Sculpture by Pablo Picasso

The Chicago Picasso (often just "The Picasso") is an untitled monumental sculpture by Pablo Picasso in Daley Plaza in Chicago, Illinois. The 1967 installation of the Picasso, wrote Ruth Lopez in The Art Newspaper, "precipitated an aesthetic shift in civic and urban planning, broadening the idea of public art beyond the commemorative."
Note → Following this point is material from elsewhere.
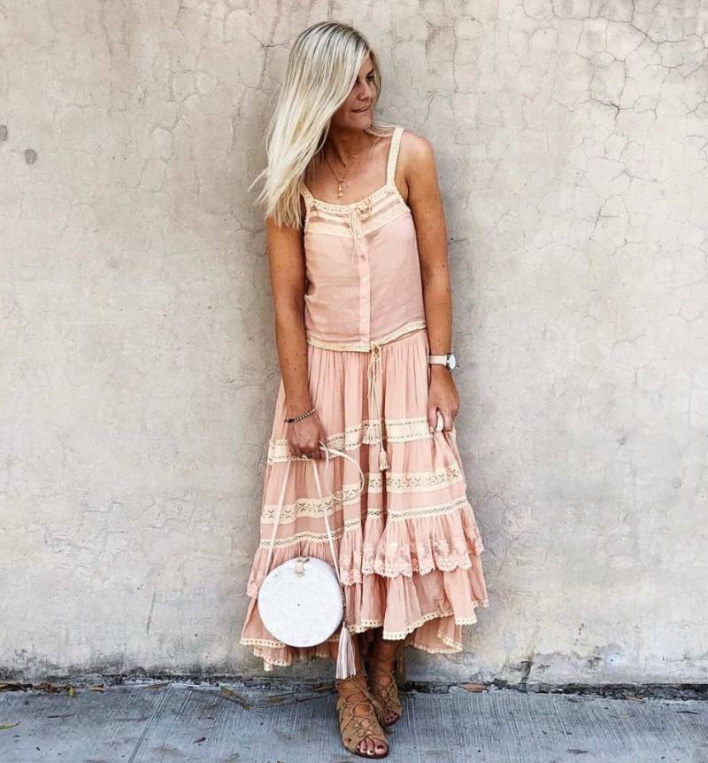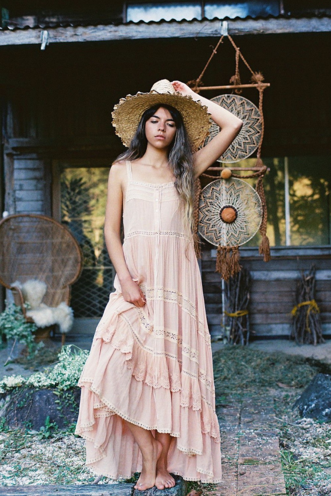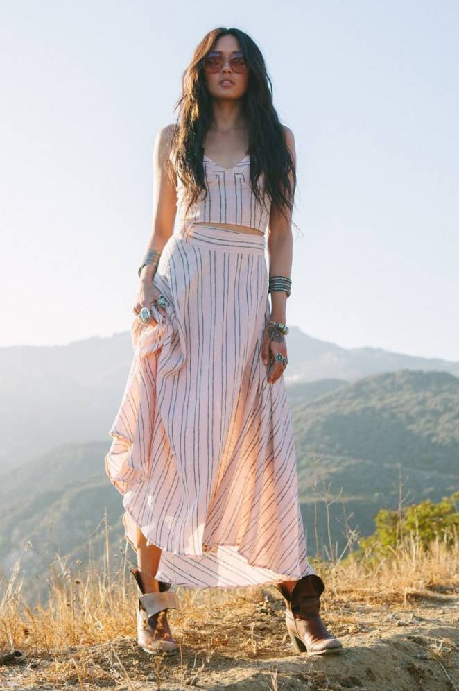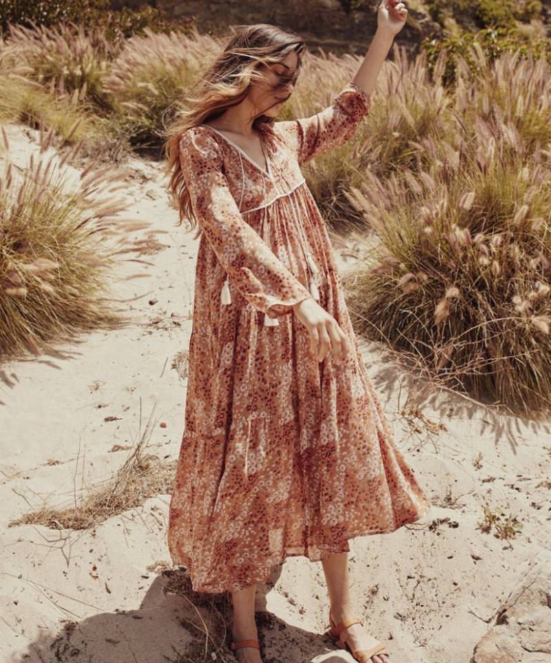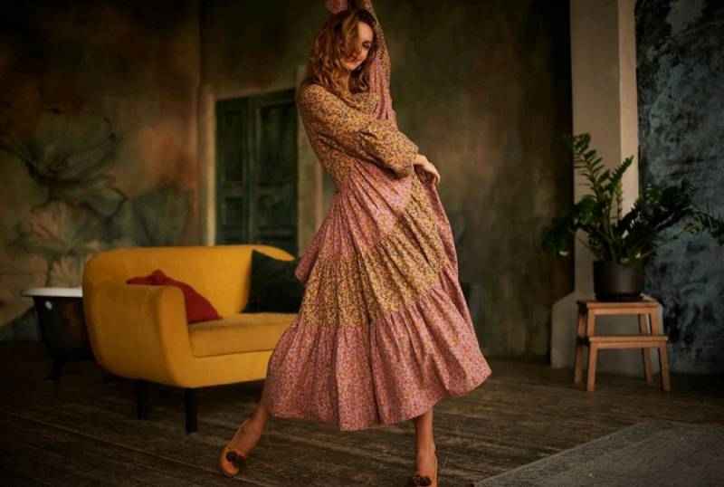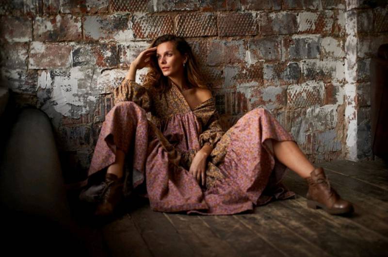 Трендовый стиль бохо на 2024 год: девушка в длинном платье от Zara

The COR-TEN steel structure, dedicated on August 15, 1967, in the civic plaza in the Chicago Loop, is 50 ft tall and weighs 162 ST. The Cubist sculpture by Picasso, who later said that it represented the head of his Afghan Hound Kabul, was the first monumental abstract public artwork in Downtown Chicago and has become a well-known landmark. Publicly accessible, it is known for its inviting jungle gym-like characteristics. Visitors to Daley Plaza can often be seen climbing on and sliding down the base of the sculpture.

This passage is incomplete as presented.